Funny as in disgraced former New York Governor Elliot Spitzer defining love for Valentine’s Day on the Big Think.

Can This Be Love?

Funny as in Alfred Lawson (the founder of the College of Lawsonomy) describing his own birth as “the most momentous occurrence since the birth of mankind.”

Funny as in the dearth of imagination in Hollywood, illustrated by the fact that at least 50 film sequels or remakes are being planned at this moment — they include:

  • A “Wizard of Oz” prequel
  • A third “Iron Man”
  • A sixth “The Fast and the Furious”
  • Another “Superman”
  • “Zoolander” again
  • “Dirty Dancing” redux
  • More “Smurfs”
  • The hundredth “Austin Powers”
  • The thousandth “Pirates of the Caribbean”
  • The millionth “Godzilla”
  • The billionth “Scarface”
  • The trillionth “Terminator”

They give out awards for this stuff?

LOVE IS ALL AROUND

Valentine’s Day.

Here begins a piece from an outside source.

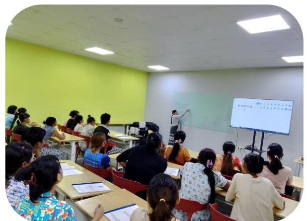
Trainer of MGHRDC presenting Sewing Method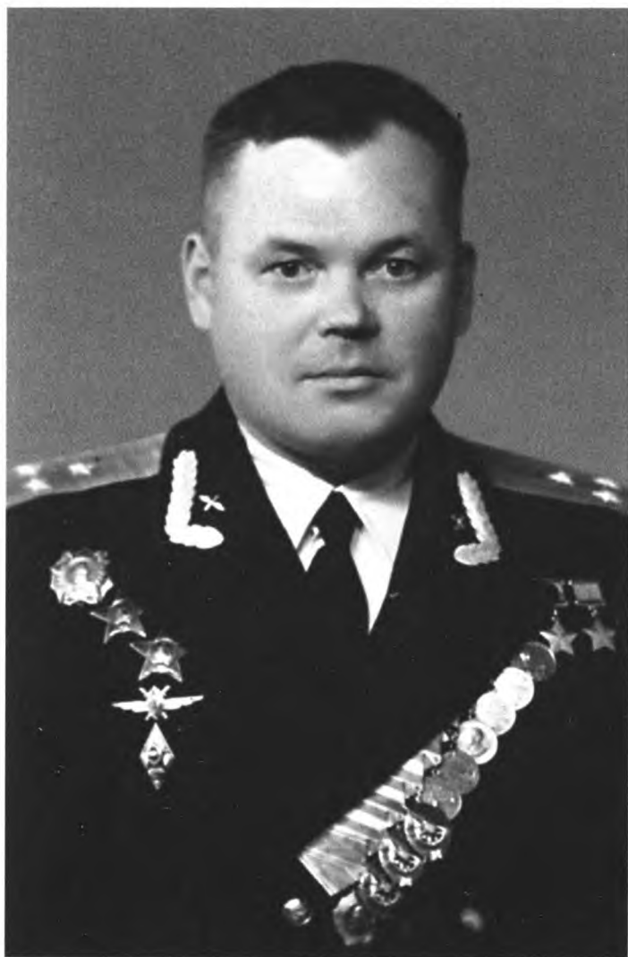
Дважды Герой Советского Союза полковник Г.А. Речкалов. 1958 г.

Being a professional contrarian, I’m morally obligated to sneer at the whole deal.

The Loved One reminded me yesterday that the first VD we spent together (we’d been seeing each other for some five and a half months at the time), I made no mention of the February 14th shebang but instead had flowers sent to her office on the 15th.

She found the off-day gesture charming. Sort of. I think.

Anyway, we’re being flooded with VD images today so I thought I’d get into the mood, just to be a sport.

BuzzFeed lists eleven trees that look like hearts.

And getting into the more pragmatic spirit of the day, BuzzFeed also lists seven trees that look like vaginas.

Pierced

Like I said; funny world, no?

LOVE IS ALL AROUND II

I mean, honestly, which American fictional figure represents Valentine’s Day more than Mary Richards?

You know beyond a shadow of a doubt that if you were dating her and ignored Valentine’s Day, you would soon be, well, not dating her.

The opening of the “Mary Tyler Moore Show” is a piece of cultural iconography. From her big, floppy bellbottoms to her accidentally crushing Ted Baxter‘s hat, Mary Richards represents those first, tentative, sometimes stumbling steps of women into the workplace in the early 1970s.

And when Mary tosses her tam into the air on a crowded downtown Minneapolis street corner as an old-fashioned babushka’d lady looks on in probable disapproval, you know you’re seeing America change right before your eyes.